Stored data

▬▬▬▬▬▬

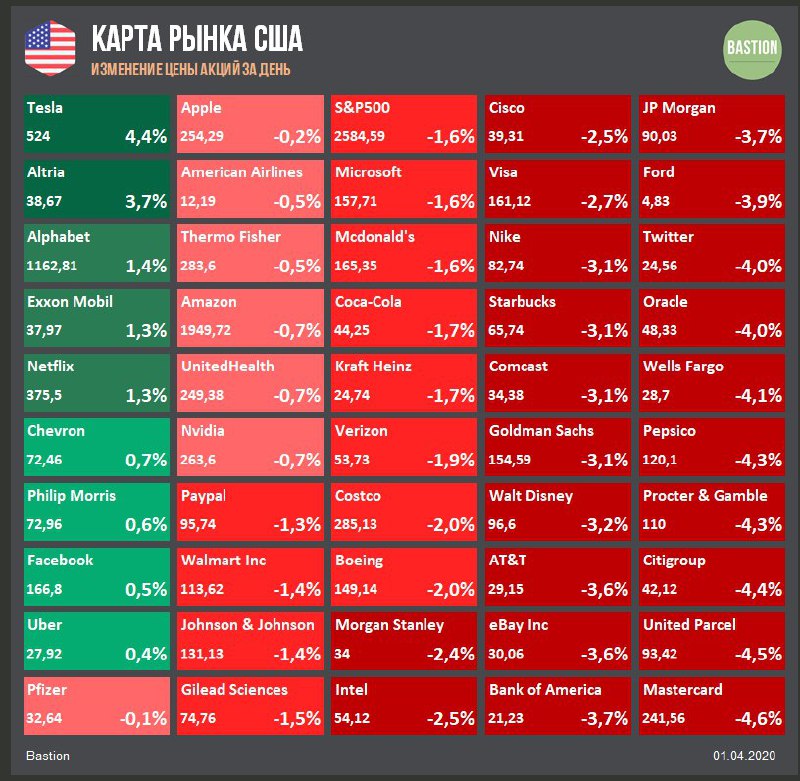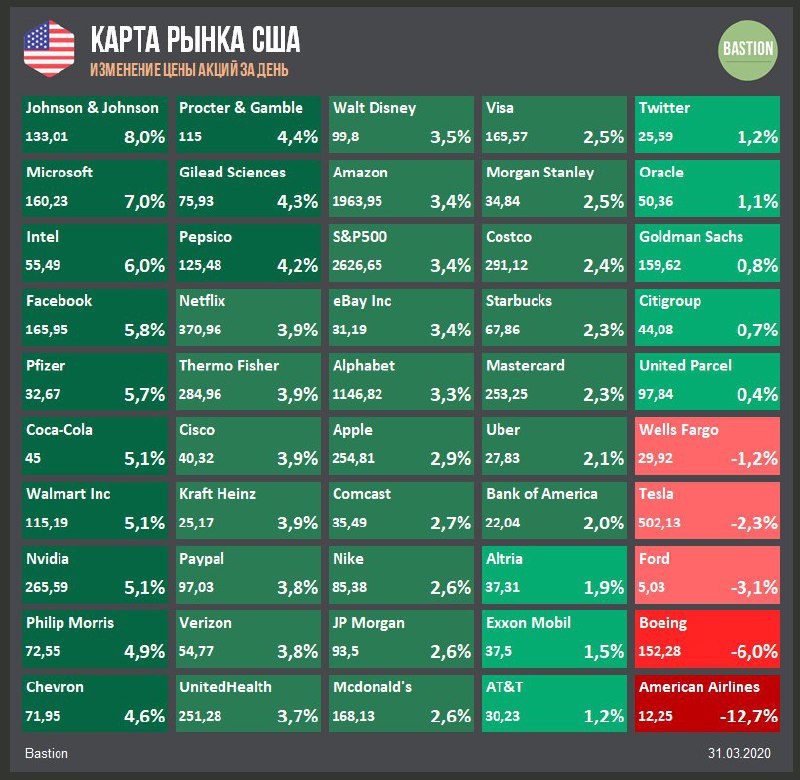 📉Американский рынок закончил первый квартал самым сильным падением с 2008 года. Индекс S&P500 потерял 20%. Среди отраслевых индексов худшим оказался нефтегазовый сектор -51%, лучшим - технологический -12%. Вчера индекс S&P500 -1,5%.
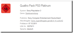 The USK rated Quattro Pack PS3 Platinum, which sounds like another four pack of games. Since this bundle is rated 18+ it may have games like God of War III, Resistance: Fall of Man or Killzone 2 in it.
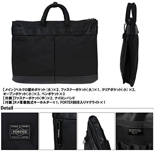 - Material table: Varistor nylon (urethane coating) attached: Tarpaulin 【Main】 Velcro closure pocket (large) × 2, fastener pocket (large) × 1, clear pocket (small) × 2, open pocket (small) × 3, pen pocket × 3 [outside] fastener pocket (middle) × 2 , Nylon band 【attached】 Nume leather detachable key holder × 1, PORTER engraved mugrite × 1
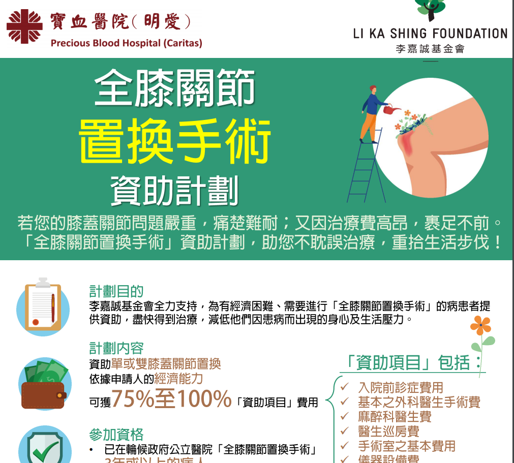 膝關節問題困擾不少長者,但膝關節置換手術費用不菲,輪候時間更可能長達5年以上,為免耽誤治療,李嘉誠基金會與寶血醫院聯合推出「全膝關節置換手術」資助計劃,期望縮短病人輪候時間,只要符合4個條件就可以申請。
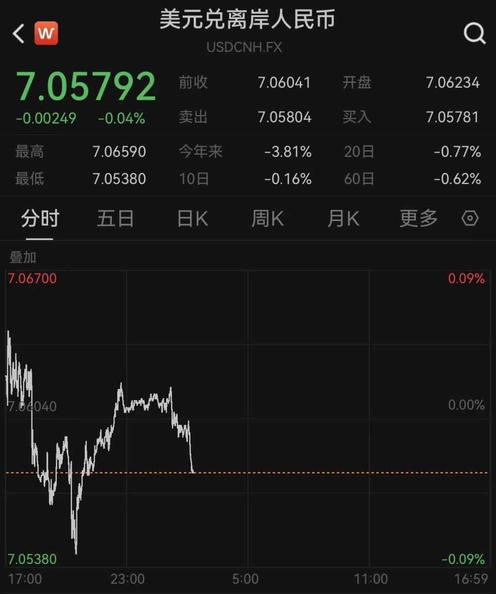 更多反映国际投资者预期的离岸人民币对美元汇率较前一交易日进一步升值,盘中最高升至7.0538,创下2024年10月9日以来的新高。
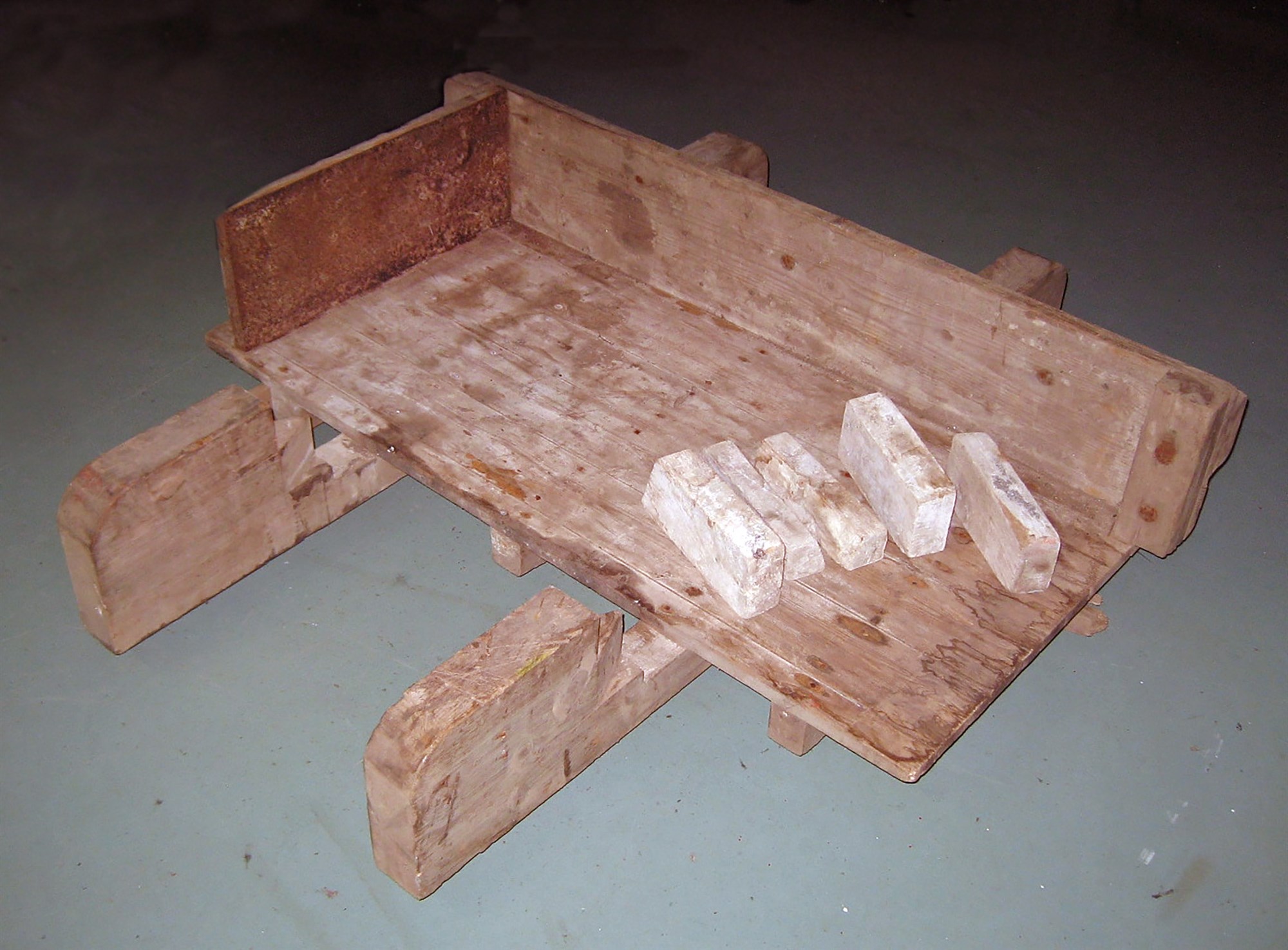 Eins og meðfylgjandi mynd gefur til kynna eru mótin traustlega gerður trépallur, sem á eru borð er mynda rétt horn. Á móti því hefur verið hægt að mynda annað horn með borðum, sem stillt skyldu af með okum/kubbum. Virðist þannig hafa mátt ráða stærð steinanna.

▬▬▬▬▬▬

__ACTIVITY__. A faithful copy of all the lines above is needed, with the pictures omitted.

__RESULT OF THE TASK__.
 📉Американский рынок закончил первый квартал самым сильным падением с 2008 года. Индекс S&P500 потерял 20%. Среди отраслевых индексов худшим оказался нефтегазовый сектор -51%, лучшим - технологический -12%. Вчера индекс S&P500 -1,5%.
 The USK rated Quattro Pack PS3 Platinum, which sounds like another four pack of games. Since this bundle is rated 18+ it may have games like God of War III, Resistance: Fall of Man or Killzone 2 in it.
 - Material table: Varistor nylon (urethane coating) attached: Tarpaulin 【Main】 Velcro closure pocket (large) × 2, fastener pocket (large) × 1, clear pocket (small) × 2, open pocket (small) × 3, pen pocket × 3 [outside] fastener pocket (middle) × 2 , Nylon band 【attached】 Nume leather detachable key holder × 1, PORTER engraved mugrite × 1
 膝關節問題困擾不少長者,但膝關節置換手術費用不菲,輪候時間更可能長達5年以上,為免耽誤治療,李嘉誠基金會與寶血醫院聯合推出「全膝關節置換手術」資助計劃,期望縮短病人輪候時間,只要符合4個條件就可以申請。
 更多反映国际投资者预期的离岸人民币对美元汇率较前一交易日进一步升值,盘中最高升至7.0538,创下2024年10月9日以来的新高。
 Eins og meðfylgjandi mynd gefur til kynna eru mótin traustlega gerður trépallur, sem á eru borð er mynda rétt horn. Á móti því hefur verið hægt að mynda annað horn með borðum, sem stillt skyldu af með okum/kubbum. Virðist þannig hafa mátt ráða stærð steinanna.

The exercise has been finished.